Joaquin Torres and Rafael Llamazares constitute the Madrid-based architecture team known as A-cero. Lovers of strong architectural geometries, the two architects have achieved a very distinct, very personal style of architecture, characterized by their perfectionism and their affinity for crossing the lines of imagination with ambitious projects.
A-cero’s work ethic lies in developing each project from the more general concept until completing the definition of the smallest detail that materializes, wheteher it is residential, office, award-winning tower buildings, landscaping, product design or even shoes!
With two books to their name ( A-CERO WORKS 1996-2006, VIVIR EN LA ARQUITECTURA A-CERO) and Joaquin Torres’s architecturally derived autobiography (DETRÁS DE LA PUERTA), studio A-cero is currently experiencing a significant internationalization process with offices in Dubai, Dominican Republic, Vietnam, Moscow and India and projects in Europe, UAE, Lebanon, Russia, Saudi Arabia, and the U.S.
Joaquin Torres, your buildings often consist of curving enveloping skins joined into clean geometrical forms with a touch of the futuristic; how would you describe your architecture style?
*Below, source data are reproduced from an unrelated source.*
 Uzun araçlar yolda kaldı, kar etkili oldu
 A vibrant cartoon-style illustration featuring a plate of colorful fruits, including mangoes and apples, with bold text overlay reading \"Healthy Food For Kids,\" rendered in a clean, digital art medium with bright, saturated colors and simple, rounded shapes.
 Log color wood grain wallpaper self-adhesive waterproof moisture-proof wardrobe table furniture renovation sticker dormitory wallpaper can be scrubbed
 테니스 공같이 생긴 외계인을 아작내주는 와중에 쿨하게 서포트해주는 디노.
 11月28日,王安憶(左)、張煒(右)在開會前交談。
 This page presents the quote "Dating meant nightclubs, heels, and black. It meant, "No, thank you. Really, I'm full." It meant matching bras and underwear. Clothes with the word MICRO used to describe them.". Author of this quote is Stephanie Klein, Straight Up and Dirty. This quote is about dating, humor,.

We draw directly on the formal universe of large contemporary sculpture. A-cero architectural geometries recreate a long evolution over a relatively short period of time, from purism to clearly curvilinear objectification… We like extreme curves and angles but we also believe that in architecture, function is as important as the form. In the end, our architecture simply tries to answer to our aesthetic criterion… it is a very functional architecture with sculptural forms that, to us, they “thrill” us.
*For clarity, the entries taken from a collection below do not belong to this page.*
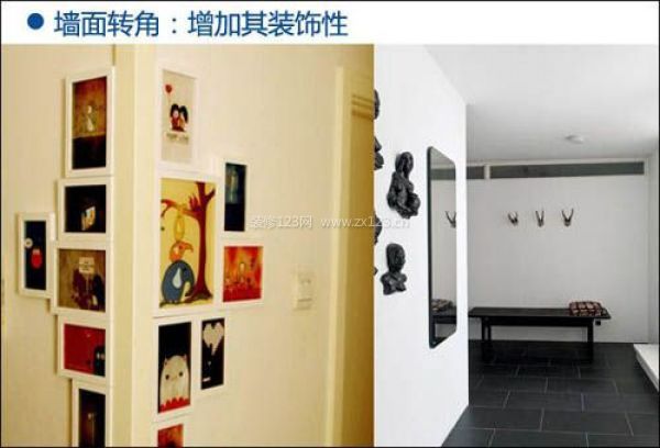 設(shè)計(jì)技巧:墻面轉(zhuǎn)角利用相片墻的設(shè)計(jì)形式對(duì)其裝飾,通過相框的點(diǎn)綴讓原本黯然失色的墻面帶有與眾不同的活力與新鮮。也可以通過鏡子、雕刻的藝術(shù)畫對(duì)其修飾,特別是對(duì)小空間而言,它更能在空間上得到一種延生感。
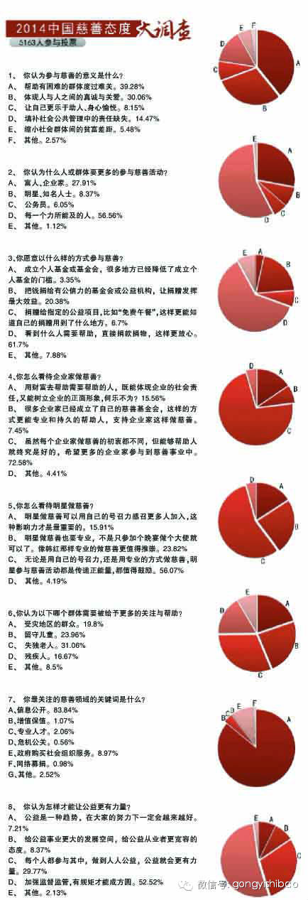 本次調查從4月15日18時至4月21日10時,共有5163位網(wǎng)友參與調查。從調查數(shù)據(jù)與網(wǎng)友留言中,我們能感受到公眾對公益慈善的關注日益強烈,人人公益的時代即將到來。
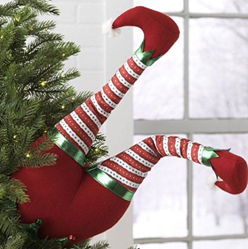 Red Plush Elf Butt Pick Accent Christmas Tree Ornament Decor, 21 Inch x 9.5 inch on Bendable stick

There is also a tension, a monumental quality in your architecture that, regardless of scale, gives the viewer a sense of awe. Is that intentional?
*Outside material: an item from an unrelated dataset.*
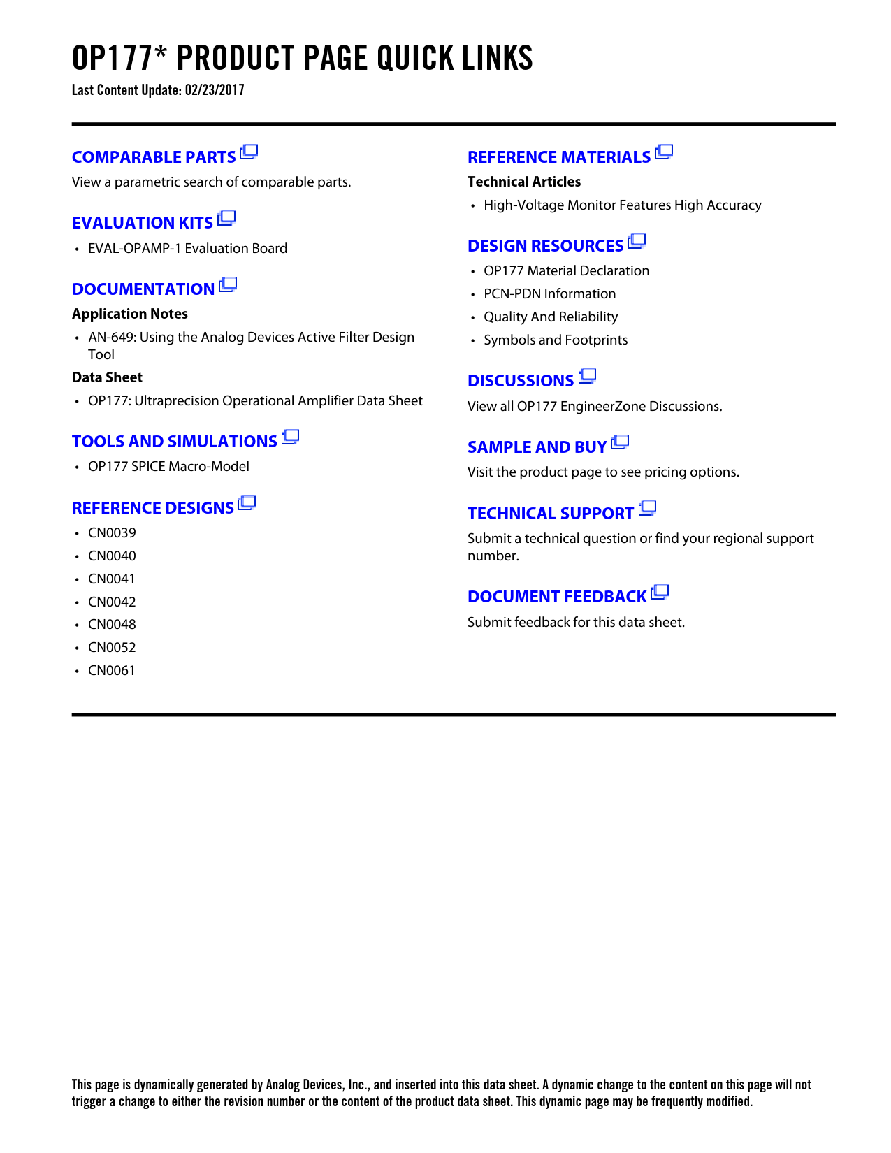 Páginas / Página17 / 2 — OP177* PRODUCT PAGE QUICK LINKS Last Content Update: 02/23/2017. …
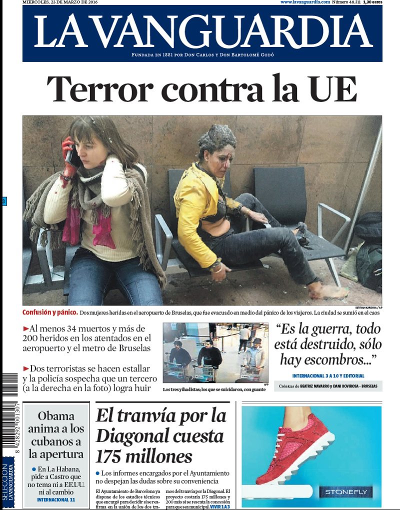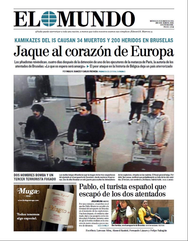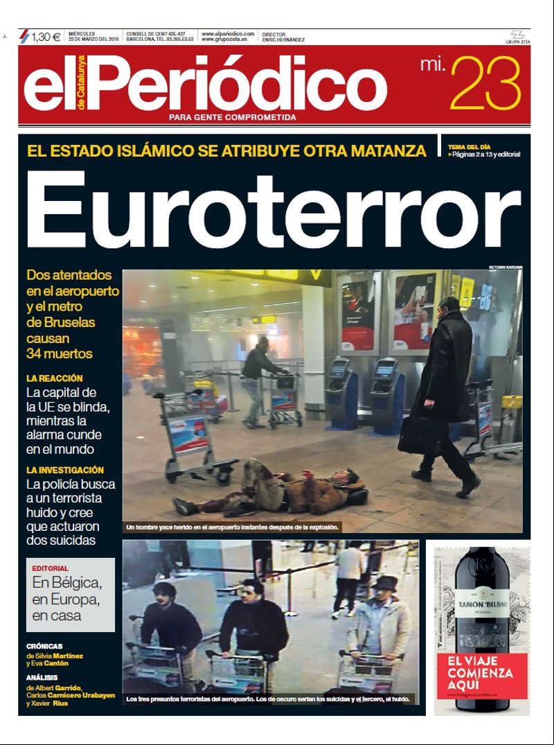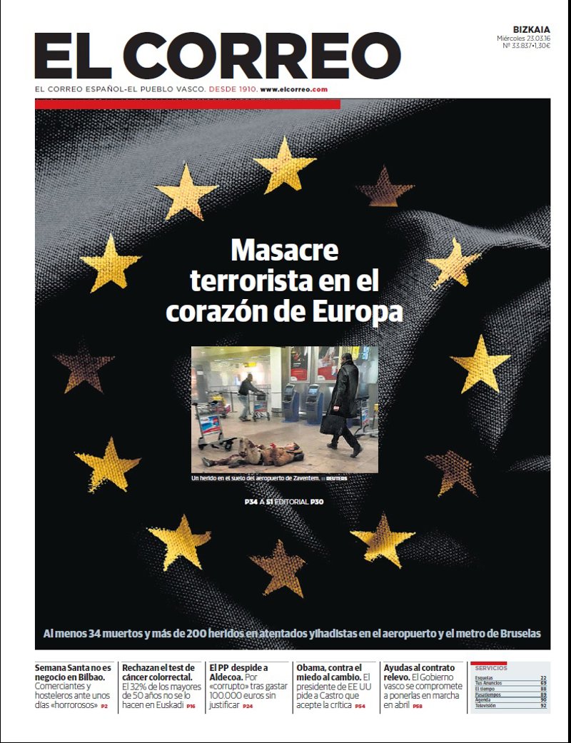 EL CORREO: "Masacre terrorista en el corazón de Europa. Al menos 34 muertos y más de 200 heridos en atentados yihadistas en el aeropuerto y el metro de Bruselas".

You know, our first major studio project, the house of my father was a huge building with classic art works and it added something to our radical contemporary forms; so we kept that monumentality as our personal touch, the freedom in posing, distributing heterodox structures of domestic spaces. It is thus intentional without any doubt… this emotion that is produced in us, we try so that the rest can also perceive.
You are very active in product design, with your extensive line of furniture, home accessories, even shoes! How involved are you in the interior design after the completion of a building?
Architecture is something we live in, design does not stop in any one point; the continuation is simple… interior design, it is not something that happens later… Εverything is projected as where undoubtedly it should be, so the interior design is quite a part of this whole.
Regarding your collaboration with each other, do you usually both agree on a design route or is the tension evident in your buildings the result of a creative argument?
We have been working together more than 20 years, day by day, and if there ever was any conflict at the creative level, today there isn´t anymore… We are almost one… we have been adapting each other and today I can say that he (Rafael Llamazares) and I work together to the perfection… We have the same criterion and our respect and admiration for each other shows on the creative level, on which I would say we are very consistent.
You state that your practice is experiencing an internationalization process. Does this affect your personal style and how?
It is clear that this is something that concerns us… there are the geographical and the cultural differences determining those changes that will be determinant for us… Evidently it is more complex to design a project for another different culture from yours and for a new environment … but in the end, all that undoubtedly enriches the Project.
Should location morphologically affect a design, or do you prefer to adjust the site according to the building use?
Undoubtedly a design is affected by the environment, the climate, the topography, the orientation… there are elements that necessarily affect the form and the functionality of the projected building.
You have spoken about ideas that form an architectural culture – would you describe your industrialisation process, A-cero tech, as such an idea?
The industrialization you are referring to (A-cero tech) is another simply way of constructing with a better adjustment to the parameters of the current company… Our modular product architecture gets the benefits of an assembly line production: improved finishes, quality, delivery, price, etc… It is the specialization of each phase of the construction process, eliminating downtime – with 15 weeks of period construction for each house – and all the problems arising from it… after all, time is something very determinant.
Examining your quote ‘design architecture not relegated to a cultural and economic elite’, one may perceive you as a romantic. How would you respond to such a characterisation?
We all tend to use cliches… It is true that we are in the habit of working with big budgets but with more of 80 projects opened in the study, I can guarantee that we also design buildings where the limited budget is the determining insurmountable one.